The gist of the multiverse hypothesis is that within all of these bubbles was a Universe.

Scientists who support the bubble theory believe that it arose from the idea of cosmic inflation - a concept that also is not universally accepted.

Inflation holds that in the instant after the Big Bang, the Universe expanded rapidly - so rapidly that an area of space once a nanometer square ended up more than a quarter-billion light years across in just a trillionth of a trillionth of a trillionth of a second.

Proponents of the multiverse theory argue that it's the next logical step in the inflation story, while deniers believe that it is not physically possible - though neither could ever actually test the theory.

"That's what this research program is all about," lead researcher Matthew Johnson said in a statement. "We're trying to find out what the testable predictions of this picture would be, and then going out and looking for them."

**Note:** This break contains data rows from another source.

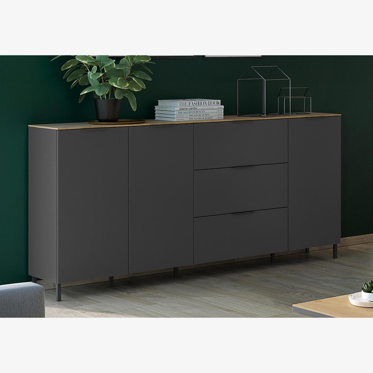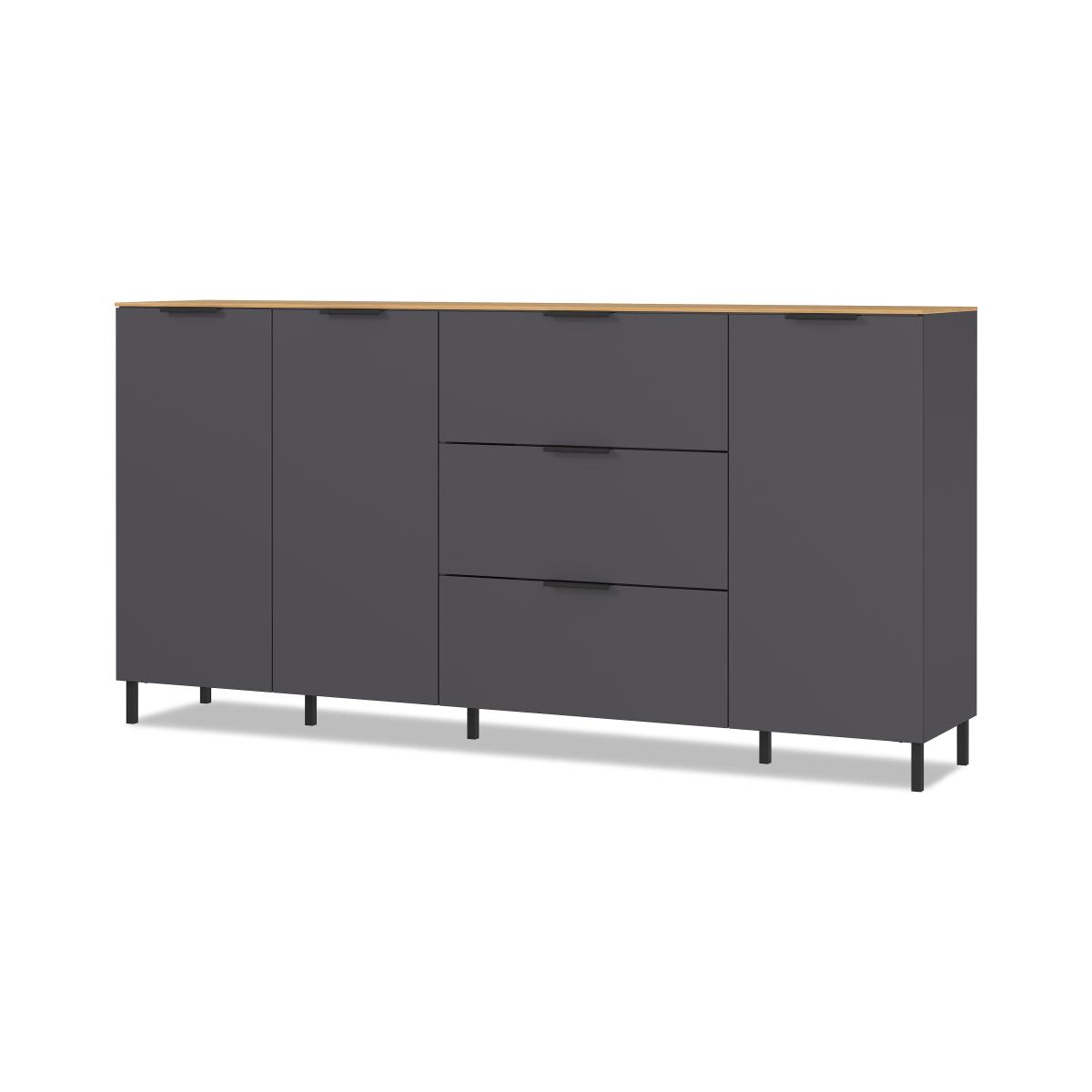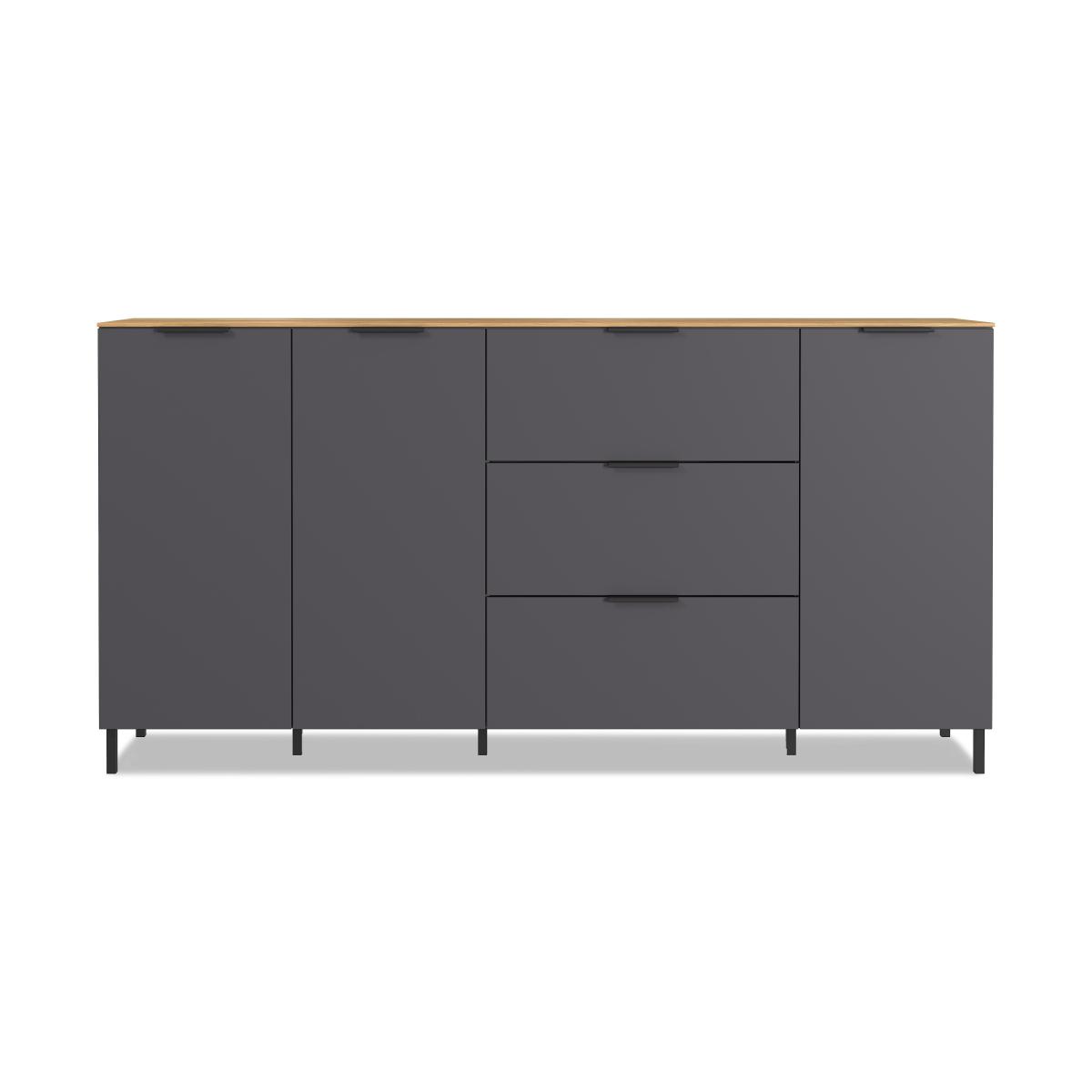 Simple and minimal, our contemporary Kit range of storage furniture is all about the details. With its dark grey matt finish and contrasting oak-effect tops, its style is both on-trend and timeless. A grownup look that works in every room from living room to bedroom and dining room to home office, the range comprises storage-rich chests of drawers, sideboards, a TV unit, a highboard and more. Proportioned for spaces both large and small, the Kit collection offers a practical mix of shelves, cupboards and drawers and is perfect for family homes thanks to its durable melamine finish. Designed and made in Germany. Spacious storage plus contemporary style – this large sideboard with a very cool matt grey melamine finish is all you need. We love that elegant oak-effect top. Why you'll love it Spacious storage and even bigger on-trend style. Bold contemporary style with a two-tone matt finish. Dark grey frame. Elegant, slim contrasting oak-effect top. Silent soft-closing cupboard doors and drawers. Durable melamine construction with shock-resistant edges. Arrives in eco-friendly Styrofoam-free packaging. Made in Germany. A Furniture Village online exclusive. This large sideboard is part of our Kit range. What you need to know Easy self-assembly required, full instructions included. Double-door cupboard has 2 shelves. Single-door cupboard has 1 shelf. Finished with a durable melamine resin coating. WARNING!Furniture can tip over unexpectedly and cause injury. This item must be fixed to a wall using the anti-tip kit provided. Be sure to use the correct wall fixings suitable for the walls in your home. Furniture Village is not able to fix anti-tip devices for you. Seek professional advice if you are unsure.
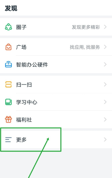 打开手机钉钉,进入界面,登录账号,点击右下角【发现】,如图,选择【更多】,
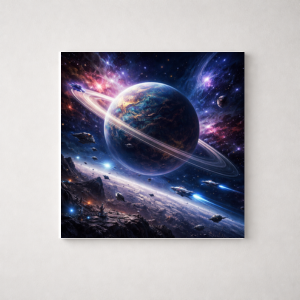 Make your wall unforgettable. This bold Space Wall Art features a massive ringed planet surrounded by glowing galaxies and futuristic spacecraft, designed to transform your room into a cinematic cosmic escape. Perfect as a statement canvas for living rooms, bedrooms, offices, and gaming setups.
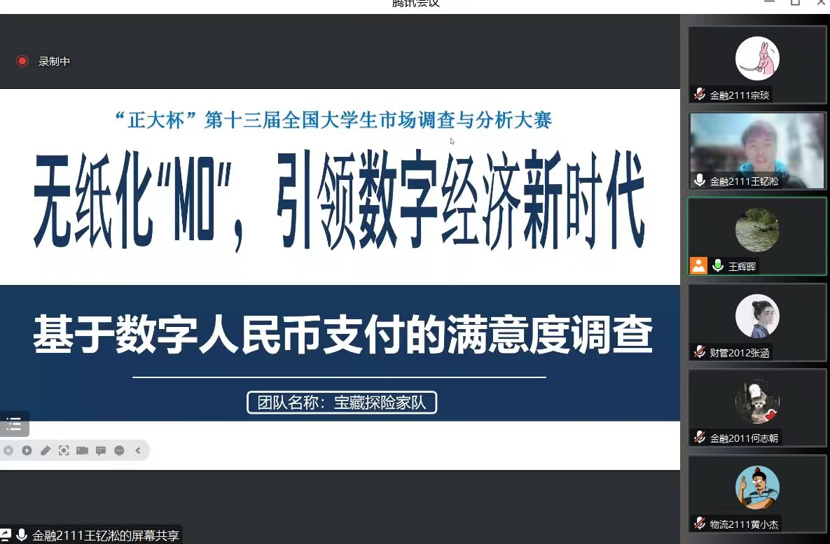3月31日,由2138cc太阳集团官网入口承办的“第十三届全国老员工市场调查与分析大赛”2138cc太阳集团官网入口校赛于线上顺利举办。本届校赛共有27支项目团队参加,邀请了13位老师担任专家评委,2138cc太阳集团官网入口副经理钱燕、经理助理郑作龙参加了答辩会,竞赛负责人王辉晖老师主持答辩会。
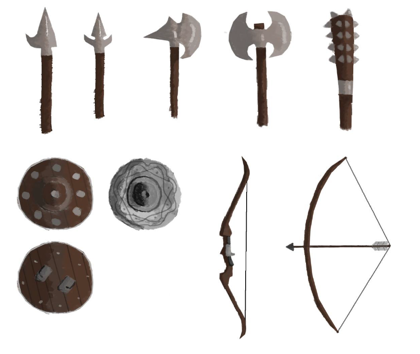 The next stage for me was to decide what she was going to hold or use. I started off by doing a wide range of primary weapons. In my mind i already knew that i wanted her to have something in combination with a shield. After i finished these top 5 i decided that i would like my character to have a spear.
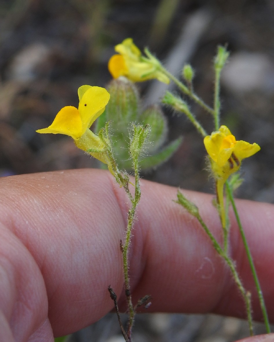 Blütenstiele 5 - 8 mm lang, drüsig, der Achse nicht angedrückt, Tragblätter 2 - 3 mm lang, kürzer als die Blütenstiele, Kelch drüsig, mit +/- gleichen Kelchblättern, Kelchblätter linealisch, 2,5 mm lang, 0,8 mm breit
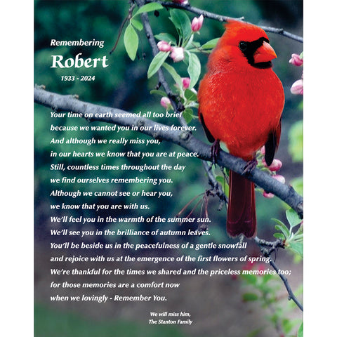 Many people feel the presence of a deceased loved one in nature - like when a cardinal is singing in a nearby tree. The cardinal in the print represents their loved one sending them a sign that they are at peace and will be with them always. Remembering You sympathy poem will bring comfort to the family of a loved one who has died. This sympathy gift will become a lasting keepsake to someone who has lost a husband, wife, father, mother, grandparent, sister, brother, daughter, son, uncle, aunt. Send to the family when a loved one dies or give as a gift for an anniversary of his or her death or birthday. Personalize the gift with name and dates. This personalized print can be framed in a standard 8x10 inch picture frame after delivery.
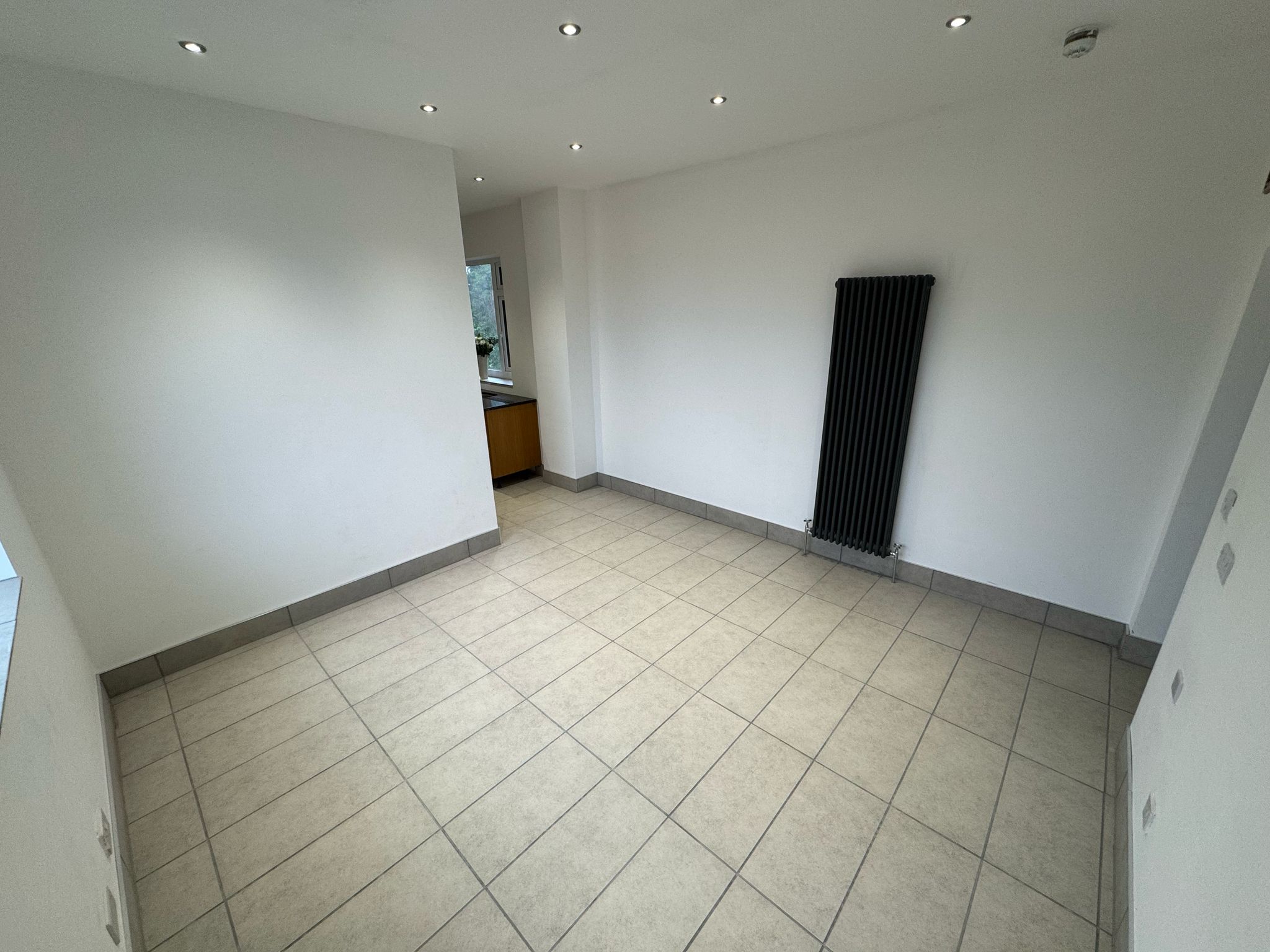 This room awaits your dream kitchen! While you plan your perfect space, a temporary kitchen in the utility area provides functionality. The room features tiled floors, plumbing, and drainage ready for your new design. A large rear aspect UPVC window floods the room with natural light, and a charming box buzzer adds a touch of vintage character.

Johnson's aim is to use computers to simulate the multiverse hypothesis, something which he says is actually easier to do than it sounds.

"All I need is gravity and the stuff that makes these bubbles up. We're now at the point where if you have a favorite model of the multiverse, I can stick it on a computer and tell you what you should see," he explained.

Johnson hopes that such advanced computer models can help cross the line between an appealing story and finding the actual science to back it up.

The study is described in four separate journals, Physical Review D, Journal of Cosmology and Astroparticle Physics, arXiv and another in Physical Review D.